Comment by CoastalCoder
1 year ago
I think you hit on an another important issue:
Do people want the generated images to be representative, or aspirational?
1 year ago
I think you hit on an another important issue:
Do people want the generated images to be representative, or aspirational?
I think there's a large overlap there, in that in media, to ensure an experience of representation you often need to exaggerate minority presence (and not just in terms of ethnicity or gender) to create a reasonable impression, because if you "round down" you'll often end up with a homogeneous mass that creates impressions of bias in the other direction. In that sense, it will often end up aspirational.

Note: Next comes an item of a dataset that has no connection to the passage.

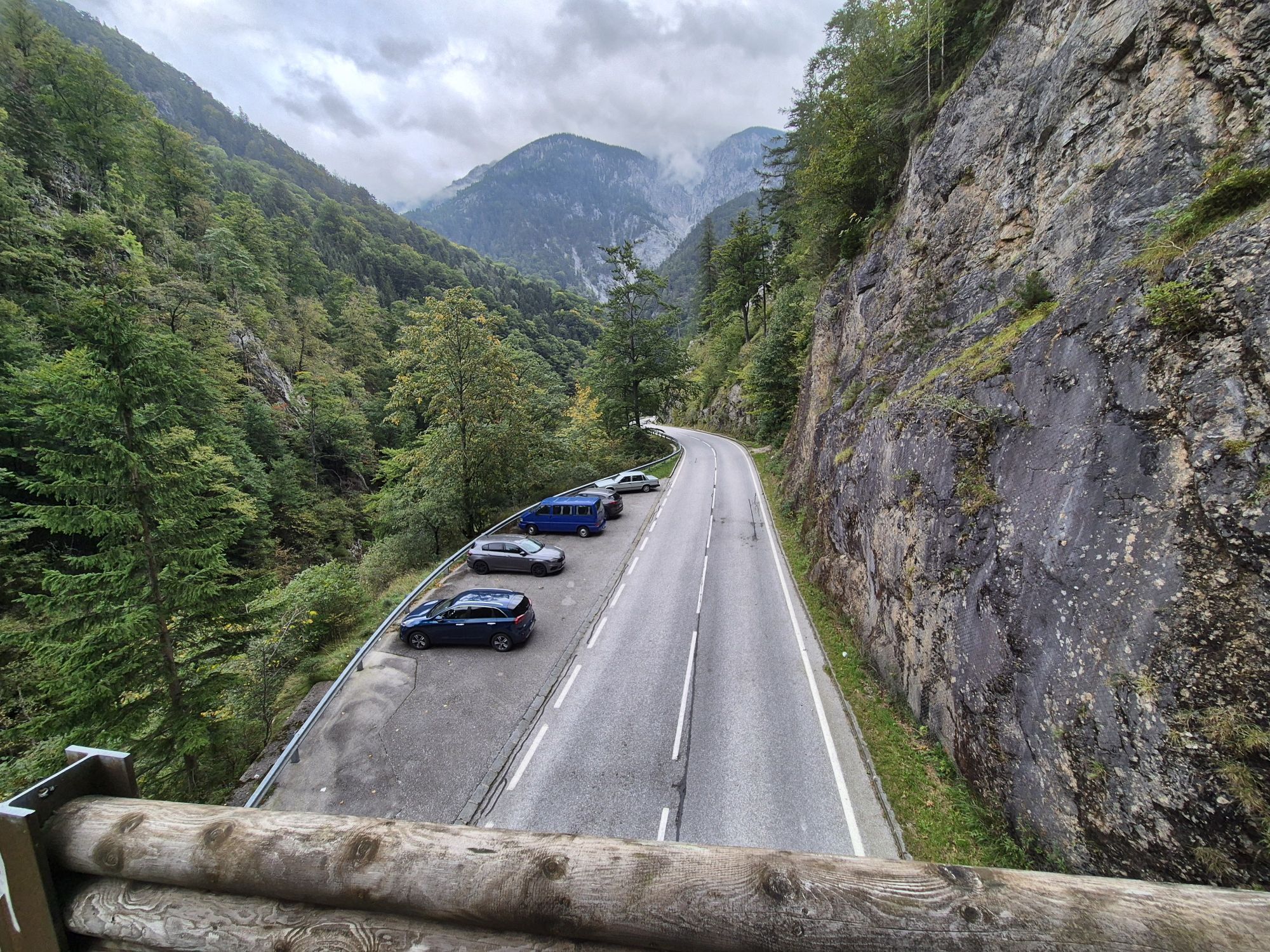 The tour starts here. After crossing the road, follow the well-signposted trail over small rocky steps toward the "Teufelsbadstubensteig." Do not take the turnoffs toward Wachtlhüttlkamm (this will be our ascent route)! The path leads along rock faces, secured in sections with steel cables, initially above and parallel to the road to the entrance to the Große Höllental. A bend to the left takes you to the valley, and then the view opens up to an imposing steel staircase: the Schönbrunnerstiege, which should be reached after about 10 minutes of hiking. Thanks to this staircase, the 60 meters of elevation gain can be overcome quite easily, although the length does represent a first test for the muscles.

E.g. let's say you're making something about a population with 5% black people, and you're presenting a group of 8. You could justify making that group entirely white very easily - you've just rounded down, and plenty of groups of 8 within a population like that will be all white (and some will be all black). But you're presenting a narrow slice of an experience of that society, and not including a single black person without reason makes it easy to create an impression of that population as entirely white.
But it also needs to at scale be representative within plausible limits, or it just gets insultingly dumb or even outright racist, just against a different set of people.
I think you can be aspirational for the future but I can't see how a request for an image in historical context can ever be desired to be aspirational instead of realistic?
On a second thought, maybe for requests like "picture of a crowd cheering signing of the declaration of independence" the exists a big public demand for images that are more diverse than reality was? However, there are many reasons to prefer historical accuracy even here.